Burkina Faso: Mouss Black, l'artiste qui monte...

Moussa Sawadogo, alias Mouss Black, est un jeune artiste plasticien sculpteur burkinabè. Artiste aux multiples casquettes, l'homme est sculpteur-installateur, peintre et dessinateur. Il élabore une œuvre protéiforme et résolument contemporaine qui l'inscrit peu à peu au rang des artistes les plus prometteurs du Burkina.

Moussa Sawadogo, quoique trentenaire (il est né en 1990), a une longue pratique artistique au compteur. Contrairement à la plupart des sculpteurs burkinabè, Mouss Black n'est pas descendant d'une famille de forgerons ou de bronziers fondeurs. C'est à la Fondation Olorun, ce creuset de création artistique créé par Christophe de Contenson, qu'adolescent, précisément en 2004, il s'initie à l'art du design aux côtés d'aînés comme l'électricien et designer Moussa Paré.

En tant que sculpteur, Mouss Black travaille principalement le bois et le fer, matériaux auxquels il adjoint parfois de la toile et des objets de récupération. Il intervient très peu sur le bois, lui laissant la forme que la nature a bien voulu lui donner, se contentant de donner un visage, d'inciser une bouche ou un sein. C'est sur le fer qu'il opère sérieusement, créant les objets dont il a besoin pour compléter le don du bois. Ensuite, il peut, selon l'inspiration, ajouter de la toile, des objets de récupération pour compléter le personnage toujours anthropomorphe, même si parfois on n'est pas loin de la caricature zoomorphe.

L'exposition multimédia Fasotopia 2075, qui a donné la latitude aux artistes d'imaginer le Burkina Faso dans un demi-siècle, Mouss Black y a participé avec une installation dénommée " La Maison ambiguë " composée de cinq sculptures et d'une toile arachnéenne avec des araignées qui se balancent sur des ficelles. Ces sculptures sont des personnages de bois et de fer, pour la plupart. Ce sont le féticheur handicapé, le vieux sage, la femme esseulée, l'orpailleur et le parolier. Ce dernier est simplement une tête qui est un bidon transformé.

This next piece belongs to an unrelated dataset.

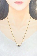 A modern necklace from Paula featuring a straight V-shaped motif and diamonds set in it.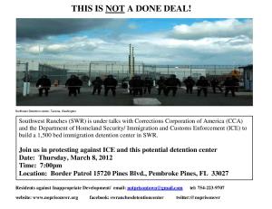 Southwest Ranches (SWR) is under talks with Corrections Corporation of America (CCA) and the Department of Homeland Security/ Immigration and Customs Enforcement (ICE) to build a 1,500 bed immigration detention center in SWR.

Dans les dessins sur papier, il utilise le café pour camper un carnaval fantastique où l'érotisme n'est pas absent et où la provoc n'est jamais loin. C'est une féerie avec des personnages étranges, oscillant entre l'humain et l'animal, s'inscrivant dans le blanc du papier comme des apparitions. A l'instar de Life is beautiful, qui met en scène une danseuse, seins fermes et saillants comme des sagaies zoulou, croupe rebondie et jambe relevée montrant une cuisse ferme. Mais sur la tête, un masque dont l'ambivalence peut faire songer à la croix d'Agadez, ou simplement à une croix vaticane plantée sur le cou comme sur une tombe !

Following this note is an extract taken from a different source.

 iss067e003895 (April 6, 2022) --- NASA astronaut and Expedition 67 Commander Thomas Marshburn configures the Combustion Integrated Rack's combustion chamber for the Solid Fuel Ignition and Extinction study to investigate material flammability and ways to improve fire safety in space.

A côté de ses grandes œuvres, il crée un univers bigarré d'arthropodes avec des papillons aux ailes déployées, des coccinelles prenant leur envol, des scarabées dorés et des moucherons gris aux élytres étirés. Il n'en a pas encore fait une exposition mais il est évident que c'est la part de poésie ludique qui s'ajoute à une œuvre qui est une satire sociale. En effet, bien que jeune, il est très tourné vers les valeurs africaines dont il pense qu'elles font partie du viatique pour aller vers le futur car à renier leur patrimoine, les Africains se condamnent à n'être que de pales copies d'Européens, d'Asiatiques et d'Américains. C'est par conséquent dans cet engagement qu'il faut chercher l'explication du choix du nom Mouss Black. Il revendique d'entrer dans le monde qui vient, auréole de la culture et des valeurs nègres.

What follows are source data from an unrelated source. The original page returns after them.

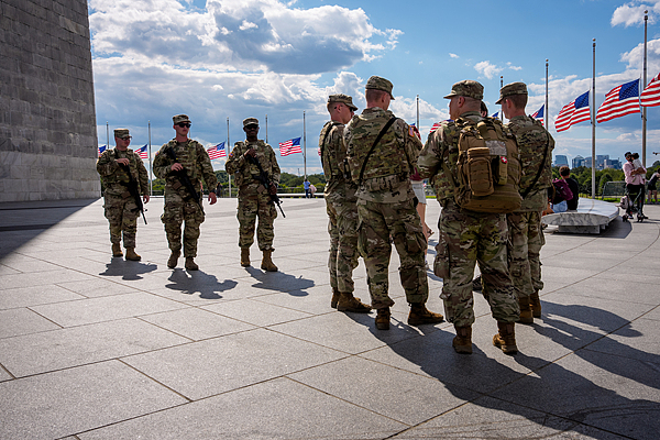 8月27日,美国华盛顿,武装国民警卫队成员在华盛顿纪念碑底部巡逻。 视觉中国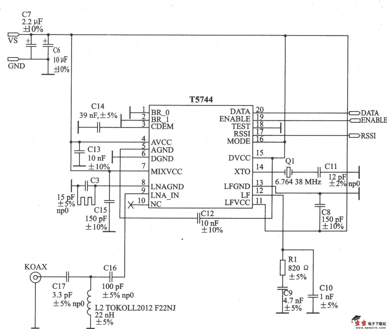 T5744是一款单片PLL接收机器件。它是为满足低数据率、低成本RF数据通信系统要求而开发出来的。T5744主要应用在无线电遥测、保安技术和无键输入系统等领域。 主要技术特点如下: ·除天线适配电路外,只需很少外围电路,PCB板上没有其他RF元件; ·编码方式为曼切斯特或双相位方式; ·完全集成VC0; ·电源电压为4.5~5.5 V; ·数据传输速率为l~10 Kb/s; ·工作频率为300~450 MHz; ·单端RF输入,容易与λ/4天线或PCB板的印制天线相适配; ·ASK调制/解调方式; ·通过RSSl指示信号强度; ·有工作和睡眠模式选择; ·符合美军标MIL-STD883 ESD保护(4KV HBM); ·在中频放大器结构中使用SAW前端滤波器,有非常高的镜像抑制特性; ·利用微控制器μC可以实现电源管理。
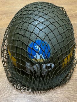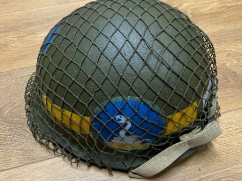 A US M1 military police helmet with a Vietnam era liner, modern decals, with netting and chin strap. This lot will be available to collect in person 48 hours after the end of the sale. Please contact the office admin@humbertellis.com for collection appointments / postage quotes / courier information.

Mouss Black construit patiemment une œuvre singulière et culturellement anthropophage. On devine que cette jeune œuvre s'est repue des travaux des grands artistes contemporains d'Afrique. Paul Valery disait justement que " Rien de plus original, rien de plus "soi" que de se nourrir des autres. Mais il faut les digérer. Le lion est fait de mouton assimilé ".